Reputation: 11
My question is: who specifically calls nextTuple()
method in the Spout of Apache Storm topology?
In some sources, it is written that Storm himself does this, but this is not specific and unclear.
Under what conditions does Storm cause this method? Scheduled?
Is there any way to influence this process, say, slow it down?
Upvotes: 1
Views: 788
Reputation: 3651
It is called here https://github.com/apache/storm/blob/master/storm-client/src/jvm/org/apache/storm/executor/spout/SpoutExecutor.java#L158 (Storm 2.0, for 1.x it is some clojure code that does something similar).
Yes, Storm calls nextTuple. More precisely it is called by the spout executor thread. The method I linked is called in a loop. If the topology.max.spout.pending has been reached, Storm skips calling nextTuple.
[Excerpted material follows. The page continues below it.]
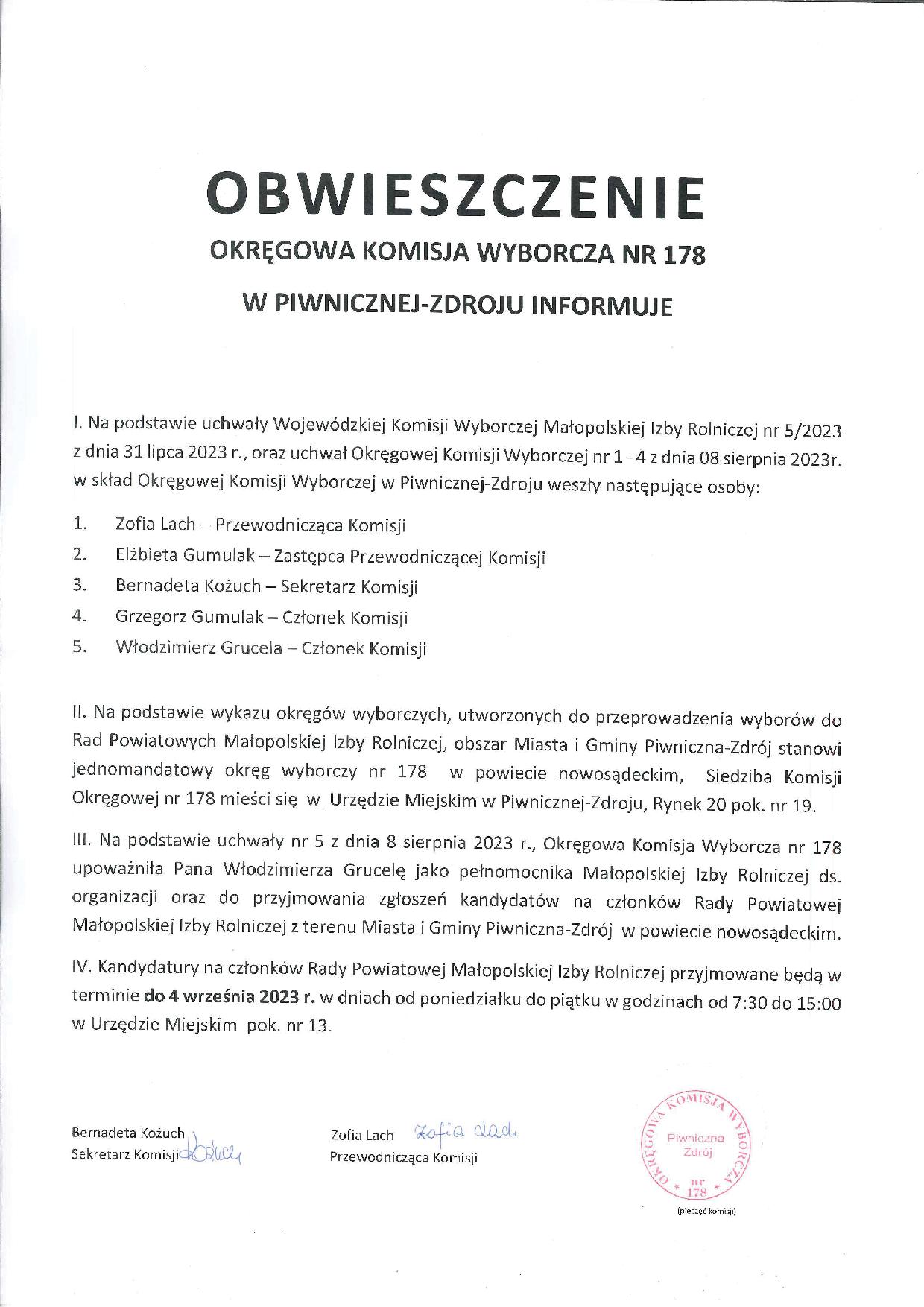 - OBWIESZCZENIE Okręgowa Komisja Wyborcza nr 178 w Piwnicznej-Zdroju dot. o nieobsadzeniu mandatu na członka Rady Powiatowej Małopolskiej Izby Rolniczej

Yes, you can slow down how often nextTuple is called when nextTuple doesn't emit anything, in order to avoid wasting CPU if there's nothing to emit. Note the line here https://github.com/apache/storm/blob/master/storm-client/src/jvm/org/apache/storm/executor/spout/SpoutExecutor.java#L176 where a wait strategy is called. The wait strategy is set with the topology.spout.wait.strategy parameter in your topology Config.
The default wait strategy sleeps for 1 ms if there's nothing to emit. You can sleep for longer by configuring topology.sleep.spout.wait.strategy.time.ms. Don't set the wait too high, since processing acks/fails happens in the same thread as nextTuple.